[Opening Data to examine section]
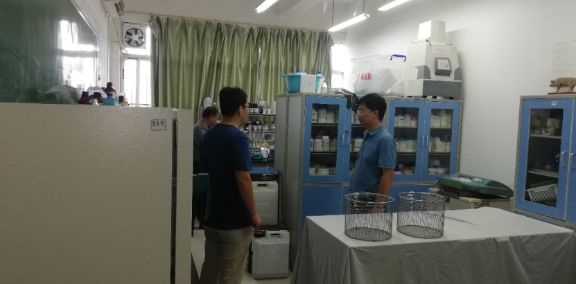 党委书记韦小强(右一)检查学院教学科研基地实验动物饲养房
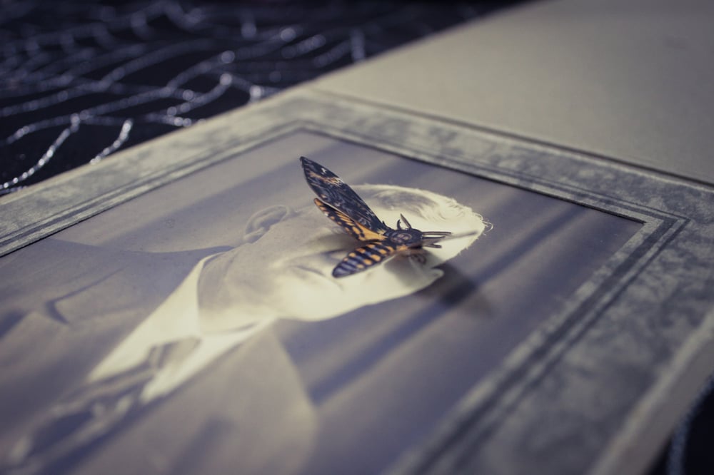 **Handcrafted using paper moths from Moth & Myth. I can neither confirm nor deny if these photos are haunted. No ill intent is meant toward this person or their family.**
[Closing Data to examine section]
[Opening Data to examine section]
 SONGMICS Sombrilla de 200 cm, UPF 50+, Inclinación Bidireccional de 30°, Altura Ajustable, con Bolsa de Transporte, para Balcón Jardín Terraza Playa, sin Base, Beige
[Closing Data to examine section]
[Opening Data to examine section]
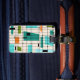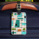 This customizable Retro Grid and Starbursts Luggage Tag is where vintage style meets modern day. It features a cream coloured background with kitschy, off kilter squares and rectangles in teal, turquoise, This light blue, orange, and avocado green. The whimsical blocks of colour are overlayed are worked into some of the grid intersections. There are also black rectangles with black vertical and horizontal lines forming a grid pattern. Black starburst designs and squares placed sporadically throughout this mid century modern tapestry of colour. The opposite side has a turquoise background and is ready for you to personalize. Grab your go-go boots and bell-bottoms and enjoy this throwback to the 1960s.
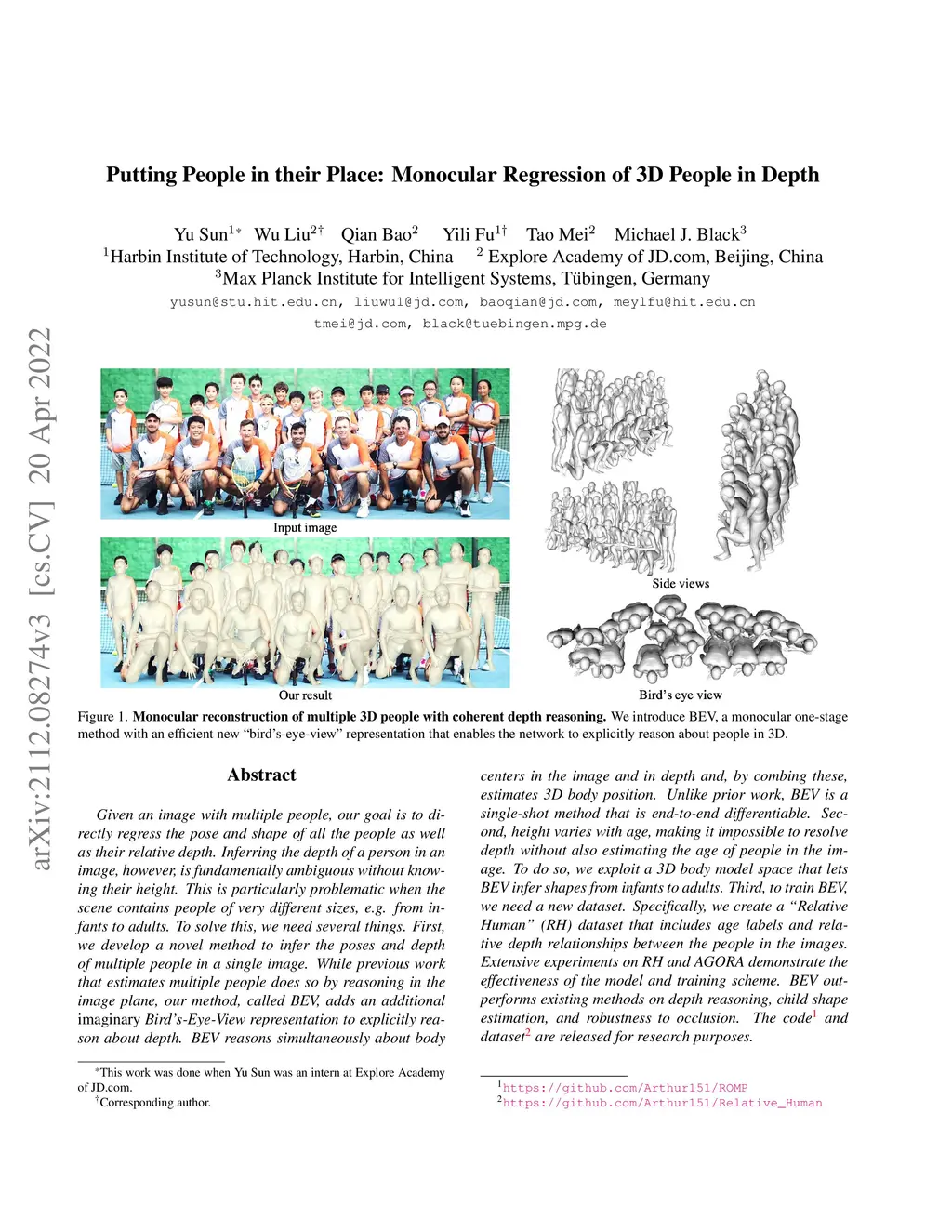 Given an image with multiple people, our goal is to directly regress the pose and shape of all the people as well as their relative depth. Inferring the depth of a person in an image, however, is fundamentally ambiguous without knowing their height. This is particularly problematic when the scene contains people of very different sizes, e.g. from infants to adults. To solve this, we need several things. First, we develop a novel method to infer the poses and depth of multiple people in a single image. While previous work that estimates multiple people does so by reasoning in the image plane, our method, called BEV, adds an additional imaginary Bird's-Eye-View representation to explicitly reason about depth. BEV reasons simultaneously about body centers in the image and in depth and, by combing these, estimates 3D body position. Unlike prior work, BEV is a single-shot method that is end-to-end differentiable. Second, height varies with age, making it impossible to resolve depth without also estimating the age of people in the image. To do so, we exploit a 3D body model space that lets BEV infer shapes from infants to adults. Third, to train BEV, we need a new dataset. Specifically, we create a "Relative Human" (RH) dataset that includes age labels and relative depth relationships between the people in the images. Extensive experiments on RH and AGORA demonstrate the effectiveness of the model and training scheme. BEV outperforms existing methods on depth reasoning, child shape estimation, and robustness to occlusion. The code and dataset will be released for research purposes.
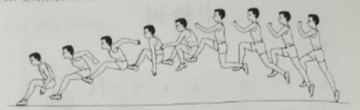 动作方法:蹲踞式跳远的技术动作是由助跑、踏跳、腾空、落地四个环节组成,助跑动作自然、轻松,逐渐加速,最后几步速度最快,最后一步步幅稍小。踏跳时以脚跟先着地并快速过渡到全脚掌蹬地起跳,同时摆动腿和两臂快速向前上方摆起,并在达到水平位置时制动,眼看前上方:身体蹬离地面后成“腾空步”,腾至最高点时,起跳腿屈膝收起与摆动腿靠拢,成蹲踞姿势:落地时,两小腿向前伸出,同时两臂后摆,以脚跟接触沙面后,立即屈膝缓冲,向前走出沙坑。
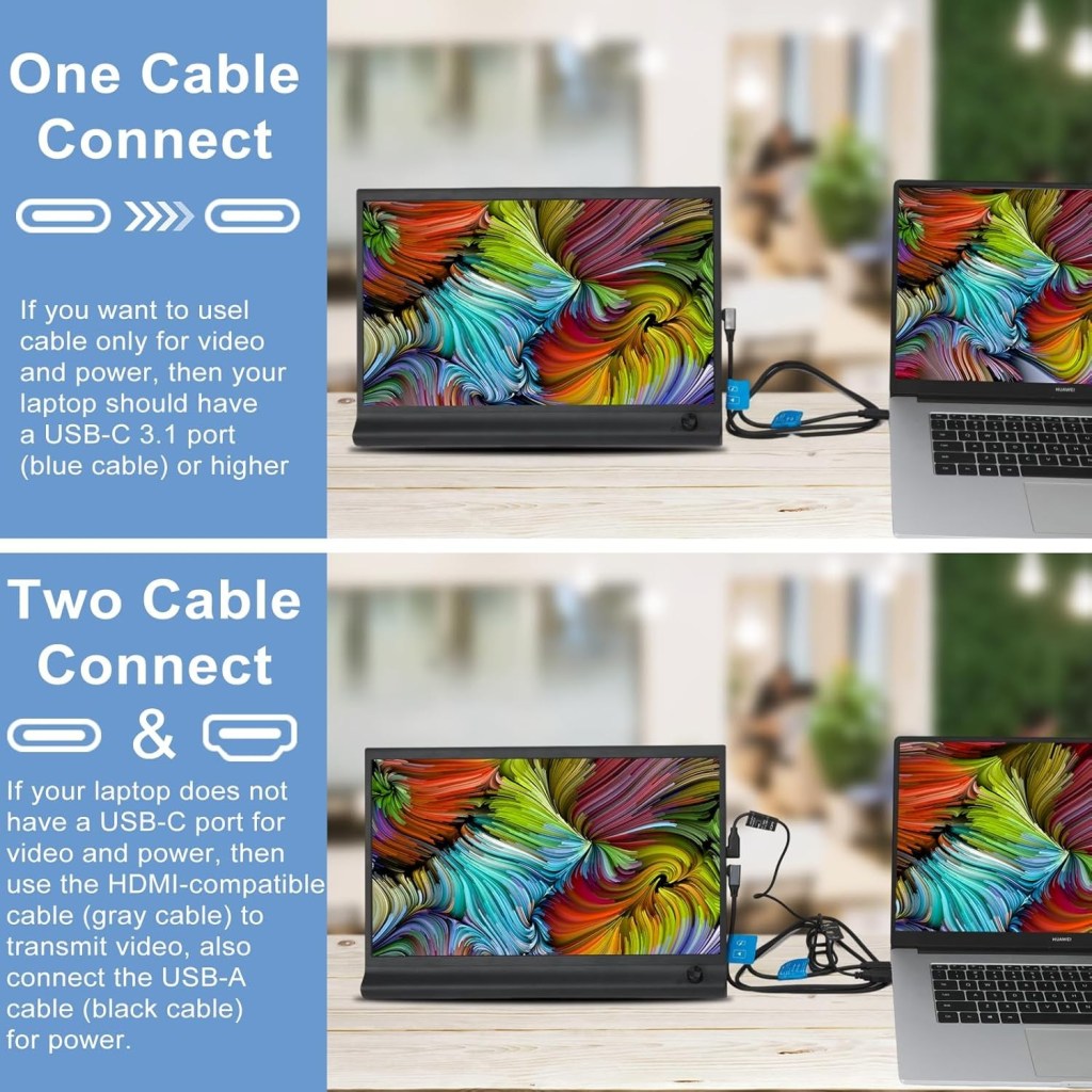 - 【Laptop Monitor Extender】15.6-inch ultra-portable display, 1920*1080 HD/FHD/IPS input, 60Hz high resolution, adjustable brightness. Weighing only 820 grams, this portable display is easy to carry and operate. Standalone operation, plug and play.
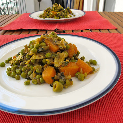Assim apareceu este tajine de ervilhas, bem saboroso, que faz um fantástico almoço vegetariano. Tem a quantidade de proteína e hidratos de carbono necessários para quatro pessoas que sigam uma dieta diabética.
[Closing Data to examine section]
Exercise requirements
With pictures excluded, reproduce exactly the lines above from the one containing "党委书记韦小强(右一)检查学院教学科研基地实验动物饲养房" down to the one containing "or their family.**", those two included.

Reply to the exercise
 党委书记韦小强(右一)检查学院教学科研基地实验动物饲养房
 **Handcrafted using paper moths from Moth & Myth. I can neither confirm nor deny if these photos are haunted. No ill intent is meant toward this person or their family.**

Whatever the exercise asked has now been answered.